Swimming in Distraction
How many thoughts do you think that you have each day? And of those thoughts, how many do you listen to? I never fully noticed how distracted I was by my thoughts and feelings until I compared the activity in my head to when I was painting. As soon as I would sit down to paint, it would be as if someone had just turned the volume down on the cacophony of thoughts that were there. The velocity with which they came slowed down, the volume was toned down and I wasn’t paying any attention to them. They were there but they were muted in the background.
And then I would finish and put my brush down and I would notice a rush of sound and speed of thought come back into the forefront. I would, yet again be distracted by my own thinking. “Was this painting good enough? What if people think it is terrible? What if it doesn’t sell…..what does that say about me, my work, my business……What if I never sell anything again, then what will I do…what other work could I do?” The list of probing thoughts would be coming in one after the other, one question after the other, all left unanswered and all left me in a labyrinth of my own thinking. I was being led by one thought and then a new one would stem from it, and I would be following that one.
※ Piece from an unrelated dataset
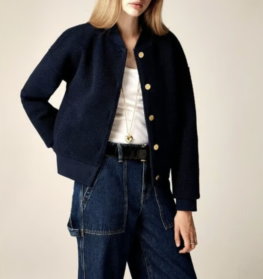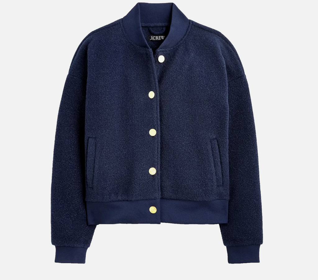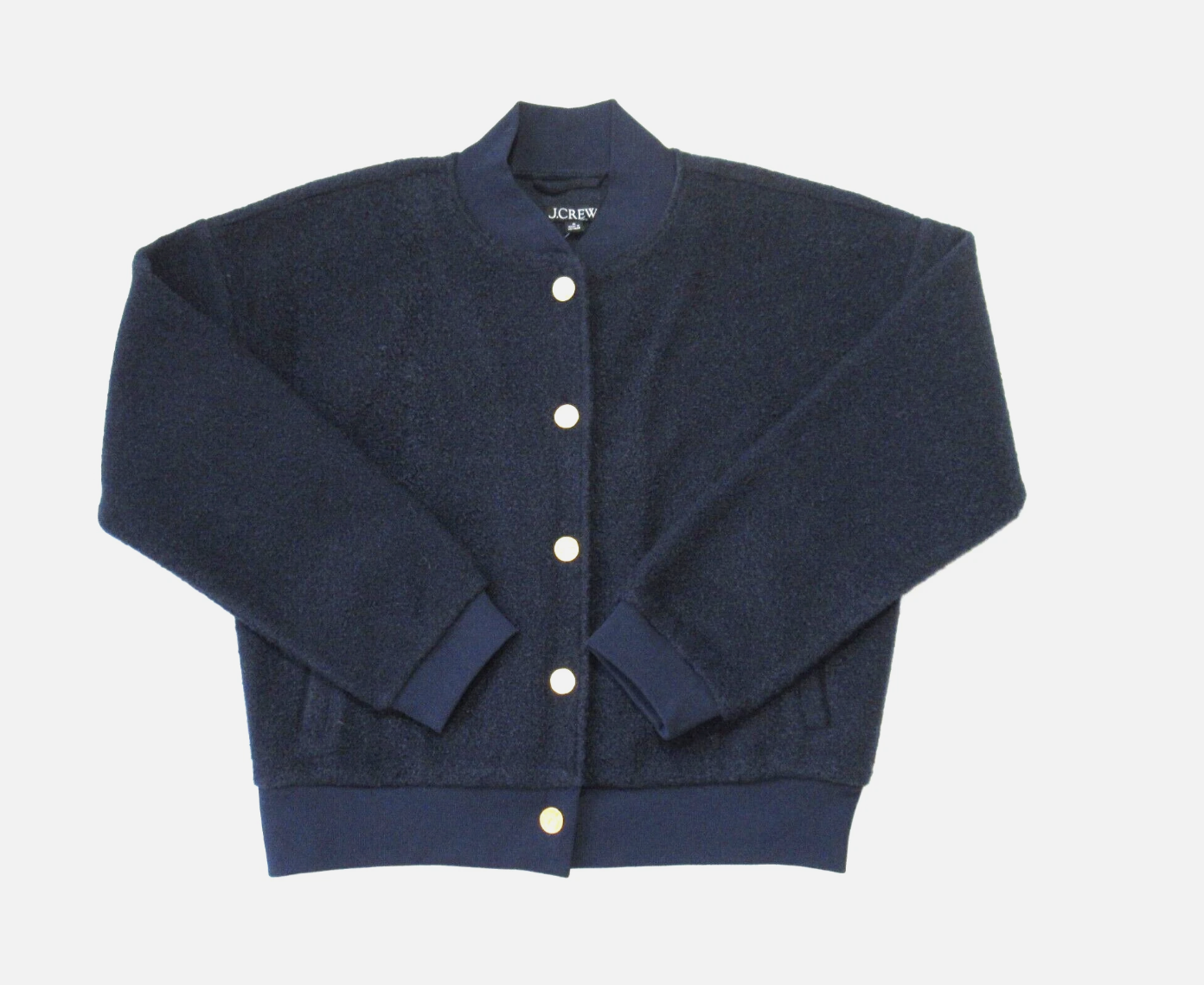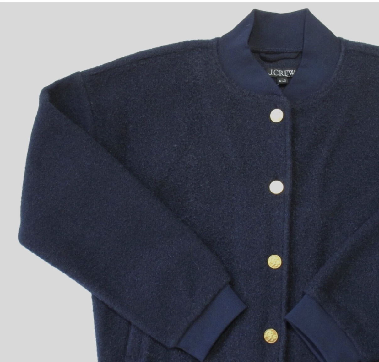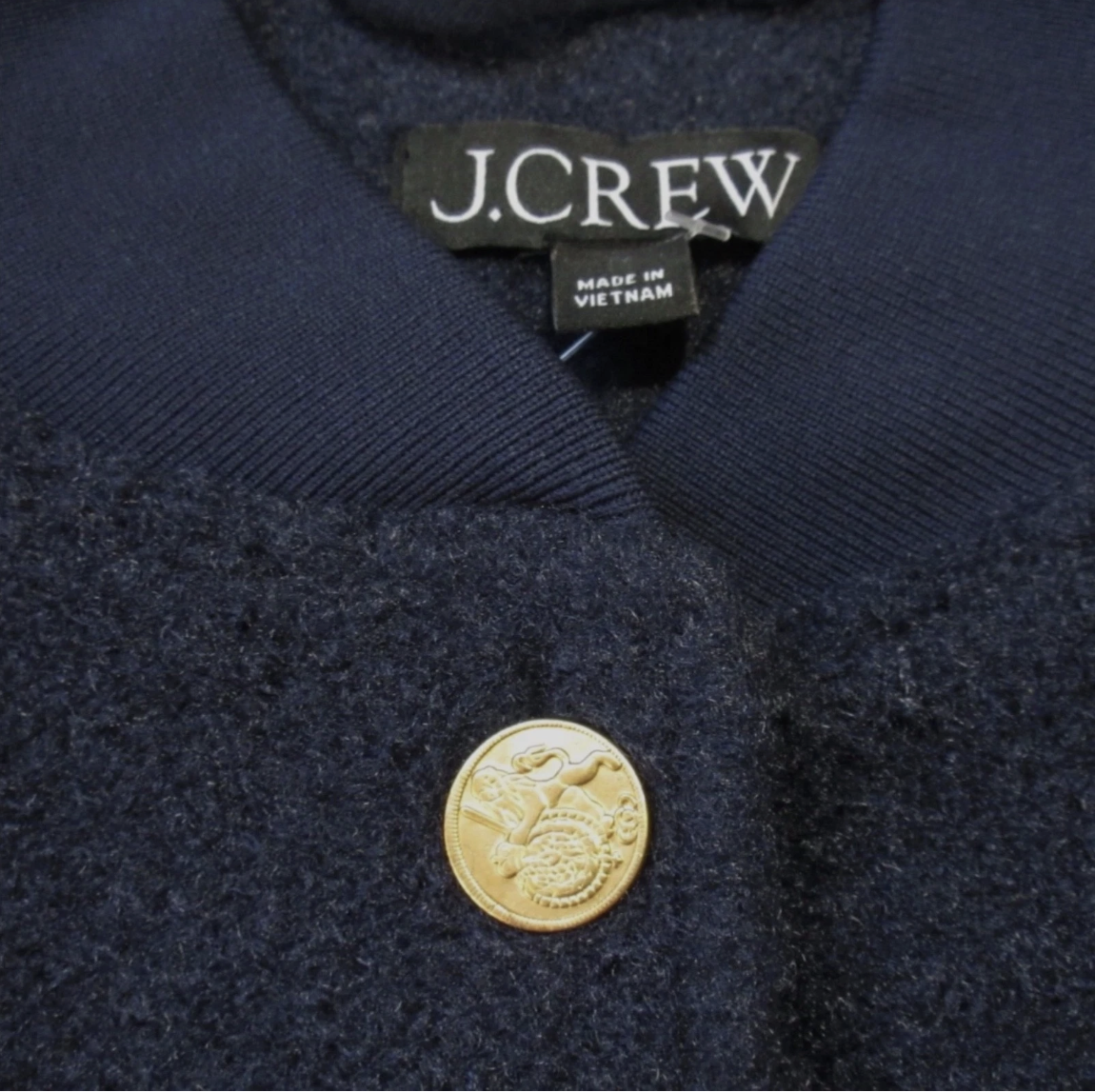 J.Crew Navy Blue Bouclé Gold Buttons Bomber Jacket
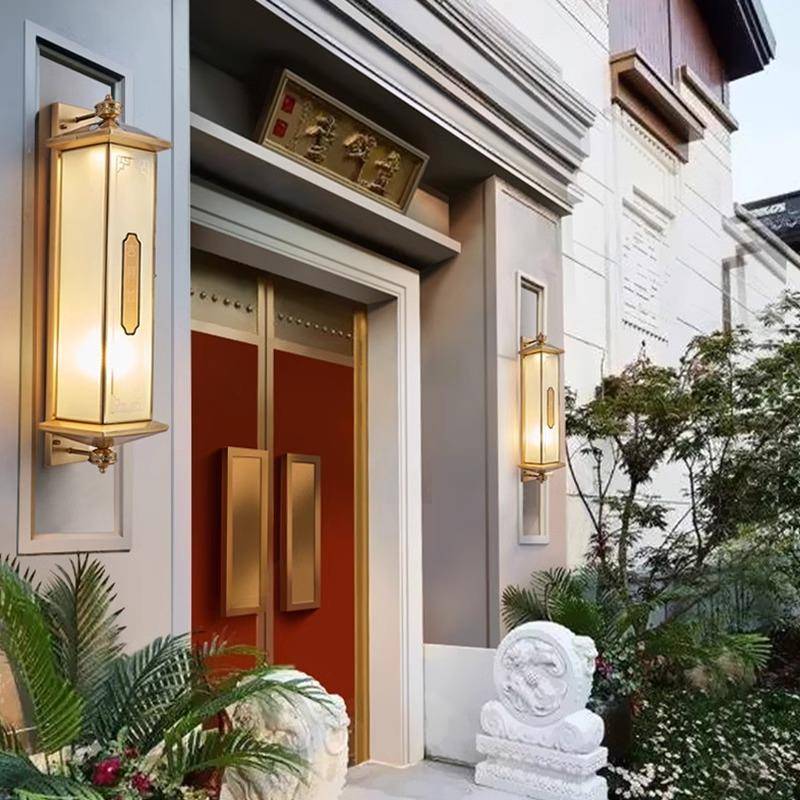 中式 户外太阳能全铜壁灯防水别墅庭院走廊阳台过道外墙灯门口壁灯

It will come as no surprise that this is incredibly tiring. What intrigued me was why were there less of these noisy, probing questioning thoughts when I painted? It was because I took myself out of the equation. I became a conduit and I was working through a creative channel that did not have me or mine at the forefront. I wasn’t there so to speak of in thought. I disappeared when I painted. And I seemingly returned as soon as I had finished. When you are consumed by a head full of thinking about yourself and what your life looks like and whether you are doing the right thing or the wrong thing or whether Aunt Franny was being rude to you earlier today and where will you be in 5 years time, then life is fraught with questions that seem urgent and seem to command an answer.
Yet, when you are not listening to every thought running through your head as though those thoughts were you then you get to be part of an Energy that is spinning planets and growing trees, where all is done in perfect precision, perfect timing and without questions continually distracting the process. As humans I think we will always be swimming in and out of thoughts passing through us but it helps a lot along the way if you know there are bigger things going on then the running commentary of the thinking that is accompanying you in your every day life. And that you are free to live from another space where you get to live by an Energy that is not just one long probing list of questions, criticisms and commentary and instead you get to merge and be part of a creative, expansive process.